The SEBI board may take up a host of proposals for its upcoming meeting on September 30.

The board may discuss the introduction of a new asset class with a minimum ticket size of ₹10 lakh. The threshold will deter retail investors from investing in the product, while attracting investors with investible funds of ₹10-50 lakh, who are currently being drawn to unregistered portfolio management service providers.

This may be offered under the MF structure, with a new branding and relevant relaxations in existing MF norms, to begin with.

The regulator may discuss new regulations for passively managed mutual funds under the so-called “MF Lite Regulations”. This proposal aims to establish a more flexible regulatory framework for passive funds, compared to the current regulations, which are primarily tailored for actively managed mutual funds.

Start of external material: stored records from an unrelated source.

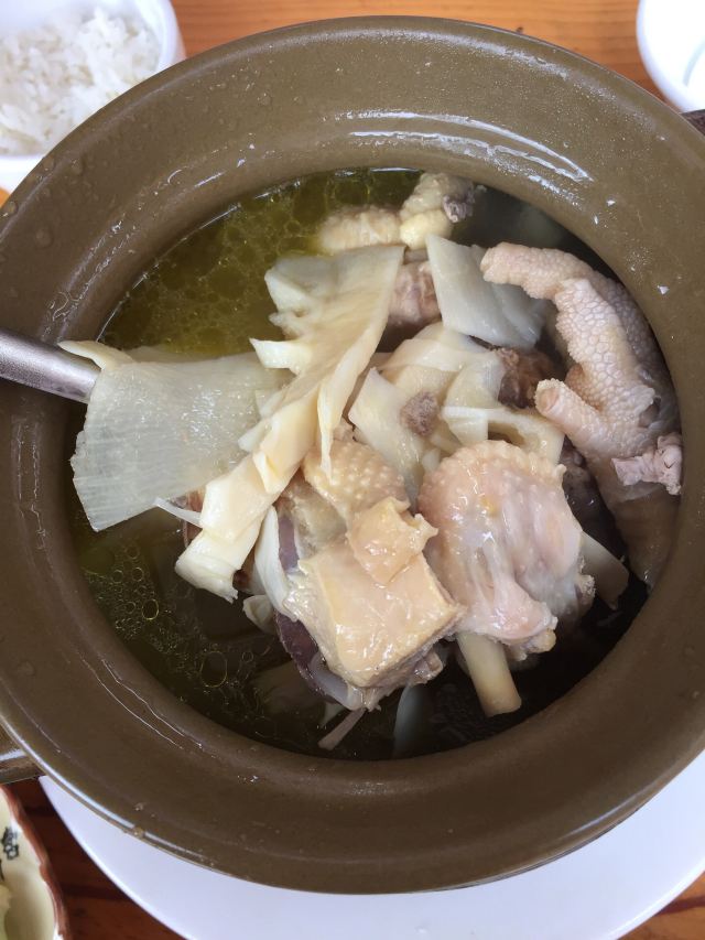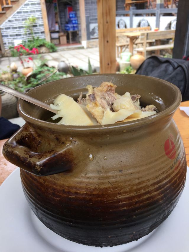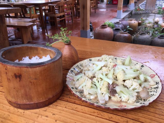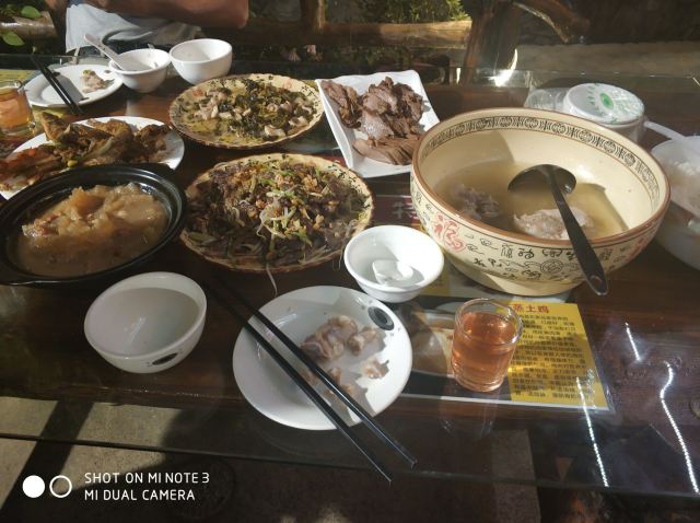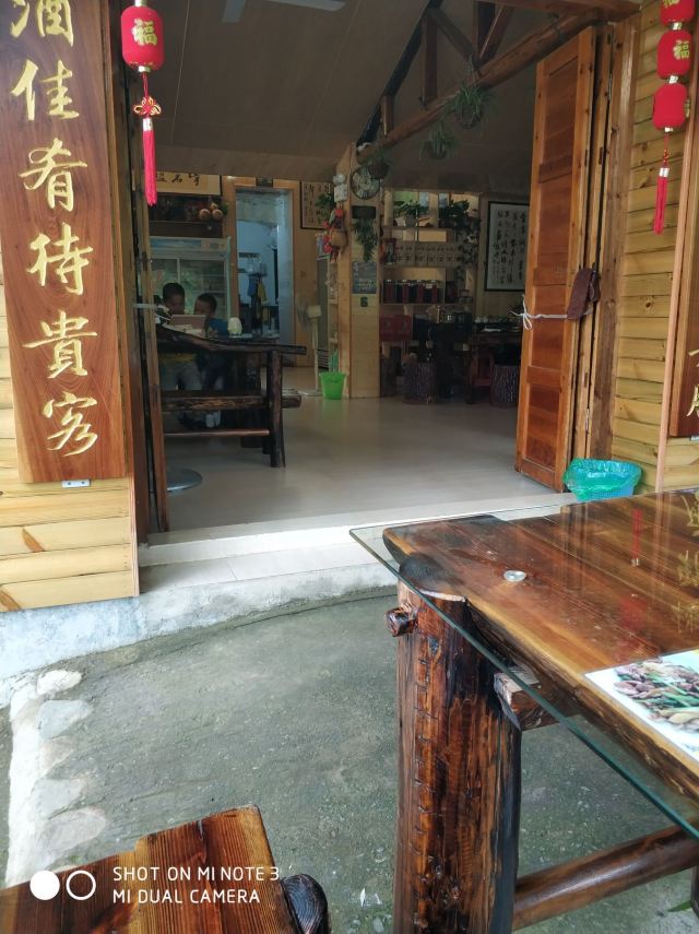 小店位于云水谣景区内,环境优雅舒适,古道边大树下就餐别有一番意境,私下跑去厨房看简师傅炒菜,厨房内干净卫生,简师傅的厨艺更是不错,烧得一手正宗农家菜,听老板娘说,店内的字画一部分出自简大厨之手!极力推荐此店的清蒸光鱼,和竹筒贵妃鸡,味道那是相当的Delicious。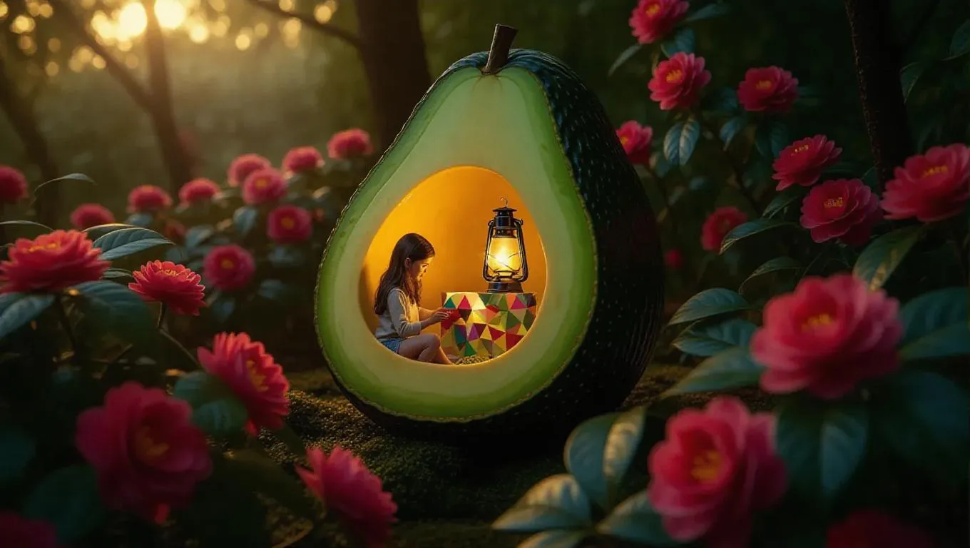 A cozy cabin crafted from a halved avocado, nestled among vibrant camellia bushes. Inside, a girl plays with a geometric puzzle, the warm glow of a small lantern casting a gentle light, creating a serene and enchanting atmosphere.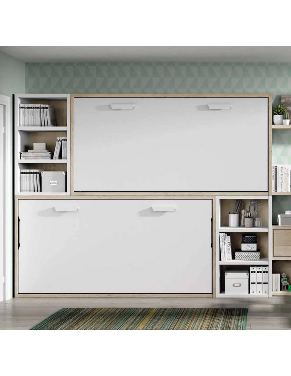 Las medidas totales de este mueble de litera dos camas abatibles con estanterías son: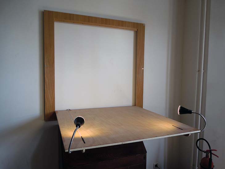Screw the photo studio onto the wall make sure the hight is alright by testing it with the platform open.

SEBI may revise shareholding norms to allow more flexibility in the governance structure of passive mutual funds. This includes potential adjustments to the minimum net worth requirements for AMCs and reducing the lock-in period for sponsors’ shareholding, to attract serious players to the market.

Broadening scope

SEBI may look at broadening the scope of connected persons under the Prohibition of Insider Trading Regulations. The definition of ‘relative’ under PIT Regulations may be brought in line with the definition of ‘relative’ under Income Tax Act, 1961. Immediate relatives under PIT currently include spouse of that person, or any parent, brother, sister or child of the person or of the spouse. Under the IT Act, relative also includes any lineal ascendant or descendant of the individual.

The regulator’s board may also look to hike the net worth requirements of merchant bankers from the existing ₹5 crore. Two categories of bankers may be formed and those with a net worth of between ₹10 crore and ₹50 crore may not be allowed to handle mainboard issues.